Tuve la sensación de conocer a Lucía, de acompañarla durante un periodo de su vida y compartir sus sorprendentes vivencias. Percibí su evolución: al principio probó diferentes estilos de escritura hasta estar cómoda en su propio diario, se auto corregía, dudaba, hacía comentarios sobre sus propias entradas y forma de expresarse... Pero poco a poco fue encontrando su estilo hasta encontrarse a salvo en su escritura. Al comienzo, describía las conversaciones como un narrador ajeno a la conversación y poco a poco fue involucrándose hasta narrarlas tal y como le fueron sucediendo, sin introducciones artificiales ni comentarios anexos. Era como si contase la historia en una novela.

En cuanto a la regularidad también percibí la evolución: al principio escribía de forma más espaciada en el tiempo, lo hacía de forma irregular. Pero después de unas semanas fue escribiendo más a menudo hasta hacerlo a diario e introduciendo más contenido en cada una de sus entradas. Como si poco a poco se fuese acostumbrando a utilizar su propio diario como terapia contra "sus demonios", como ella los llama, como si hubiese adquirido, apenas sin ser consciente de ello, la necesidad de comunicarse a través del diario.

miércoles, 22 de marzo de 2017

El taller de trabajo

¿Te acuerdas de nuestro refugio?
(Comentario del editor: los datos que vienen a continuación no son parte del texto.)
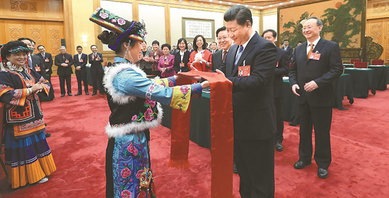 三月八日,中共中央总书记、国家主席、中央军委主席习近平来到十二届全国人大五次会议四川团参加审议。雅安市汉源县永利乡古路村支部书记骆云莲代表用照片向总书记展示灾区重建的新貌。习近平起身接过照片,仔细看了起来,说:“非常高兴,浴火重生!”记者 毛漫丁 摄
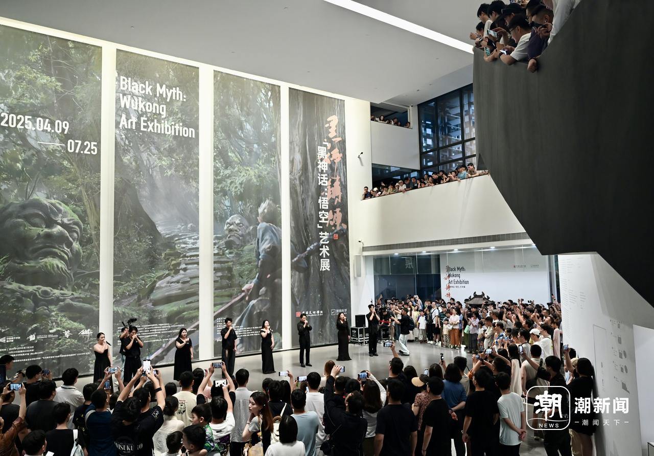 7月6日晚,一场全方位沉浸式艺术体验--“音艺无界·声动美术馆"系列公教活动之《黑神话:悟空》音乐现场,空降中国美术学院美术馆,为艺术及音乐爱好者与游戏玩家打造了一场沉浸式文化体验。活动特邀浙江音乐学院声乐歌剧系金久湝师生团队演绎。团队以《黑神话:悟空》游戏原声为表演内容,用美声、原生态、流行演唱等多元声乐形式,用声音传达游戏中的东方美学。现场观众掌声雷动、气氛热烈。
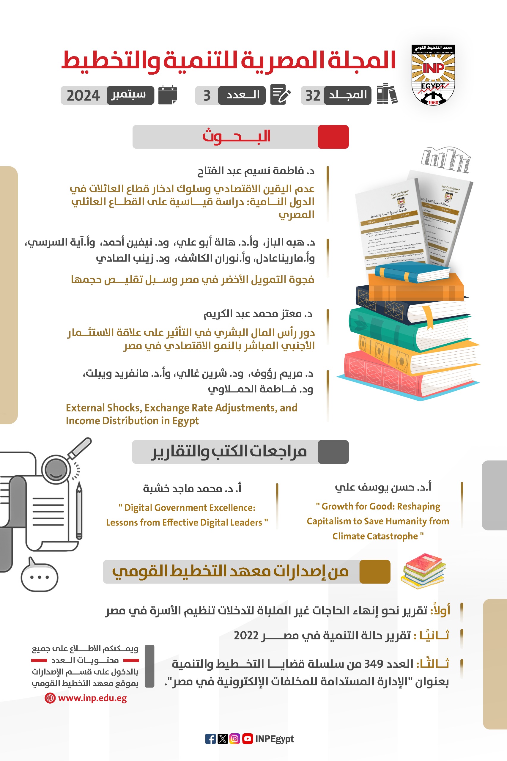ويمكنكم الاطلاع على جميع محتويات العدد بالدخول على قسم الإصدارات بموقع معهد التخطيط القومي https://inp.edu.eg/

Aquella casa perdida en un gran bosque en mitad de la montaña. Solíamos encontrarnos allí, pasábamos horas discutiendo sobre el mundo, tratando de arreglarlo; nos sentábamos al calor del fuego y dejábamos que nuestros ojos se contasen secretos mientras bebíamos café (nunca conseguí que te gustase, pero tus labios siempre me supieron a café). Disfrutábamos de la inmunidad que nos brindaba aquel precioso entorno, aislados de los mundanos problemas, sumergidos en divinos debates... Quizás ya no lo recuerdes, de aquello hace ya mucho tiempo. Quería decirte que he vuelto a nuestra cabaña.

Quizás por nostalgia, quizás por curiosidad (siempre que abro la puerta mantengo el aliento por si al entrar te encuentro en la mesa de la cocina), quizás porque en ese lugar me siento a salvo... Lo cierto es que no conozco el motivo pero me gusta esa cabaña. He estado en un par de ocasiones; he ido hasta allí, he pasado unas horas en la solitaria casa (estaba muy vacía sin ti) y me he ido. En la última visita hice algunas obras y quería informarte de los cambios. Quería hacer algo en la habitación del último piso, esa buhardilla que usábamos como trastero. Al principio pensé en una biblioteca, instalar un par de sillones, alguna lámpara de pie para iluminar, alguna mesilla y unas cuantas estanterías. Pero al pensar en los habitantes de esos estantes caí en la cuenta de una cosa. Revisé los libros de la casa: los de la estantería del salón y los que había repartidos por algunos rincones. Hojeé esos libros y me dí cuenta de que todos ellos estaban en blanco. Tenían tapas preciosas y todas sus páginas, pero estaban vacíos de contenido. Supongo que siempre que íbamos a la cabaña era para charlar, leernos el uno al otro y nunca nos interesó leer nada del exterior o caer en otros mundos. Entonces me percaté de que no tenía sentido contar con una biblioteca si no íbamos a leer, además ya teníamos espacios para la conversación.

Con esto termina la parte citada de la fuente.